Céspedes se arrellanó en su
sillón y prosiguió, como quien hablase consigo mismo:
-
Las vueltas que da la vida. Muchas emociones me
depararon aquellos sucesos pero muchos más hechos notorios han vivido sus
protagonistas a lo largo de sus vidas.
-
Sigue contando, tío. Nada resulta más aleccionador
y fantástico que ciertos fragmentos de la vida real.
-
Ciertamente, querida. Pero prefiero que hagas tú
las indagaciones precisas. A estas alturas, las personas de quienes hablamos
han adquirido una amplia notoriedad en nuestro país y no te resultará difícil
conocer lo básico de sus peripecias. Ya sabes que lo que con el esfuerzo propio
se aprende, tarde o nunca se olvida.
No pude arrancarle ni una
palabra más; así que me puse manos a la obra y esto es, en resumen, lo que he
podido saber de Rosario, Laura y sus hombres, así como del prócer cubano
Carlos Martín, del que traté en mi anterior relato[1].
·
Rosario Risco, por razones no bien conocidas pero
fácilmente deducibles, marchó muy pronto de nuestra ciudad y se instaló en una
propiedad campestre del Sur, donada en vida por sus padres. Hasta allí la
siguió su poeta, Manuel Flores, con el que convivió sin casarse durante
los once años que a este quedaban de vida.
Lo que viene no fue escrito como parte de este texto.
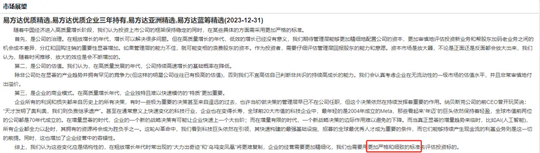 又是一年公募基金年报季,其中备受投资者关注的是管理规模高的基金经理年报。在文章《规模前十基金经理规模之变》里提到,目前管理主动权益类产品规模超500亿的基金经理共3位:张坤、葛兰、刘彦春。这3位基金经理管理的规模曾经上过千亿,也只有这三位主动权益基金经理管理的规模上过千亿,如下图:通过详细阅读这三位基金经理的年报,有三点感悟,在这里与大家分享:感悟一:更严格的标准张坤年报里,在高质量增长的当前,需...

Su soledad fue definitiva a partir
de los treinta y seis años de su edad: tan traumatizada e inhábil para el amor
la habían dejado sus desengaños, los que ya conocemos y el que acto seguido les
expondré. Con todo y con eso, me consta que la musa de aquel fecundo cenáculo
literario sigue viva y activa, a sus setenta años cumplidos. Como antes decía,
las mujeres vivimos más.
·
Manuel Flores llegó a ser el gran amor de Rosario,
pero había contraído en su loca juventud un mal venéreo que acabó con él aún
joven, tras el calvario de sufrir una parálisis general y progresiva. Al
saberse portador de tal enfermedad contagiosa, eludió todo contacto sexual con
Rosario, quien lo cuidó abnegadamente hasta su muerte.
·
Carlos Martín, como no podía ser de otra manera, se
sintió –o creyó- perdidamente enamorado de Rosario, a quien dedicó con escasa
fortuna suspiros líricos y pasiones tropicales. Hubo de ausentarse pronto de
nuestra ciudad y luego, de España, no volviéndola a ver. Todos hemos podido
conocer su muerte en acción de guerra en el año noventa y cinco, con una
gallardía patriótica que algunos juzgan cercana al suicidio. ¿Por amor?
·
Laura Méndez maridó al fin con aquél Agustín
Toledo, poeta de pro, a quien el finado Manuel Vicuña se la había confiado como
a su mejor amigo. El matrimonio gozaría de más felicidad que duración. Al
quedar viuda a los treinta y un años, salió de su dolor y su pobreza gracias a
su pluma. Actualmente, continúa ejerciendo la literatura, el periodismo y la
enseñanza con tal acierto y fortaleza que, como ha dicho un necio, su
virilidad y energías femeninas podrían envidiarle muchos hombres. Amén.
·
Finalmente, Agustín Toledo murió a los treinta y
cuatro años, poco después de aquel hijo natural que los abuelos maternos habían
tratado de ocultar, como fruto de una relación vergonzosa. Aquí dejaba a su
esposa, entre el duelo y la melancolía, de los que solo pudo redimirla su
infatigable quehacer literario y educativo.
***
He escrito finalmente,
mas no he de incurrir en un injusto olvido. El protagonista inmaterial y
clamoroso de este relato es el Nocturno a Rosario, como el comisario
jefe de mi tío alcanzó a ver. Cuando Rosario y Laura y yo misma no seamos ya ni
un recuerdo, seguirá incólume, valioso y eterno aquel poema que a un hombre a
punto de matarse inspiró sin saberlo una mujer que no lo amaba. Y que fue
divulgado gracias a un policía prosaico que, por lo que yo sé, nunca se lo
perdonó.
Comprendo que tus besos
jamás han de ser míos,
comprendo que en tus ojos
no me he de ver jamás,
y te amo y en mis locos
y ardientes desvaríos,
bendigo tus desdenes,
adoro tus desvíos
y en vez de amarte menos
te quiero mucho más.
[1] Se trata del cuento titulado El desterrado fiel, que lleva el ordinal
III de esta serie de historias sobre El
suicidio por amor (Nota del editor).